A friend of mine would love to live ( and if possible ) work in Spain but
for career and future job security reasons needs to maintain a footprint
in the UK.
The reason being he's an IT Contractor and in previous roles has obtained
the coverted SC Security Clearance to work on MOD sites or on defence
related work or contracts, eg with BAE Systems, Rolls Royce Aerospace, etc.

The thing is SC Security Clearance isn't for life, in fact it only really lasts
for the duration of your contract or for the period of employment in
which your engaged in Defence related or Government work.
But the beauty is that if you've ever held SC Security Clearance in the
past. It's fairly easy to have your SC Security Clearance re-established
in the future - as the Govt Vetting Agency only needs to look back over
the time since you were last cleared, ie no Crimminal convictions, not been
declared bankrupt, CCJ's or dodgy political associations, etc.
The downside is that if, for any reason you become Resident abroad - he
would have to live and work for a period of upto 5 years in UK before he can
ever be considered eligible for SC Security Clearance again.

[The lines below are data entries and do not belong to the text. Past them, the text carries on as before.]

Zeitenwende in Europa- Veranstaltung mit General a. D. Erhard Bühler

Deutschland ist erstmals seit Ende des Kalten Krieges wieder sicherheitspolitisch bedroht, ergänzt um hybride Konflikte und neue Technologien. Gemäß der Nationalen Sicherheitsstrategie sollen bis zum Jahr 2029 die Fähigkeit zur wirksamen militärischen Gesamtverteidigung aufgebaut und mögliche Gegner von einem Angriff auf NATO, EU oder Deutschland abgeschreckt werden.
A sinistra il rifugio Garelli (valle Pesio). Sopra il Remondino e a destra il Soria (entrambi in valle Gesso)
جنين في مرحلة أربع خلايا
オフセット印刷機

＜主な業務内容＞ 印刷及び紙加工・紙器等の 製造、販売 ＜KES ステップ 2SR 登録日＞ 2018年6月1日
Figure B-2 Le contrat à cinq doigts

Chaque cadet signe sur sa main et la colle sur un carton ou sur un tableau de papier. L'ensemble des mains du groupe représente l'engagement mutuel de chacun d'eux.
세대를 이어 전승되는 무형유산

So you see - a real threat to your livilihood, particularly when you consider
that the safest long term job prospects in the UK these days are those
related to Government work that cannot be outsourced or off shored abroad.

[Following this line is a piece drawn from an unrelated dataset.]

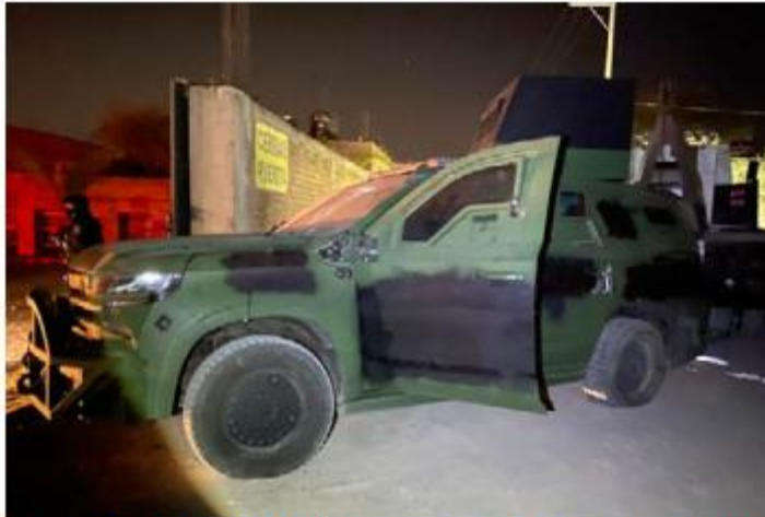
VIGILANCIA. La Secretaría de Seguridad del Estado localizaron y aseguraron un vehículo con blindaje artesanal, así como dos armas de fuego y enervantes, en el municipio de Teocaltiche.

Therefore are there any Expat Brits in Spain who have managed to dodge
residency in Spain and still be considered resident in the UK and therefore
managed to hang onto their SC eligibility - while enjoying at the sametime
a significant amount of time in Spain ??


----------



## Calas felices (Nov 29, 2007)

Do you think you should add 'legally' to your question??


----------



## 90199 (Mar 21, 2010)

Yes, I know of one, who did just that, had at the time Spanish residencia, but worked in the U.K. in an occupation where security clearance was needed. The supervisors were aware of the situation and it did not appear to be an issue at that time. Some years ago though and times do change.


----------



## Williams2 (Sep 15, 2013)

Hepa said:


> Yes, I know of one, who did just that, had at the time Spanish residencia, but worked in the U.K. in an occupation where security clearance was needed. The supervisors were aware of the situation and it did not appear to be an issue at that time. Some years ago though and times do change.


Hi Hepa, Thanks for that, if there's anyone else in Spain who have managed to retain
their SC Security Clearance eligibility, please let us know.

I was going to insert the word legally - but as you know the clock times out whenever
you try editing your post.


----------



## baldilocks (Mar 7, 2010)

Don't plan on going to work for anyone again so have let all my clearances lapse but, of course, one can't say good-bye to the OSA obligations, ever.


----------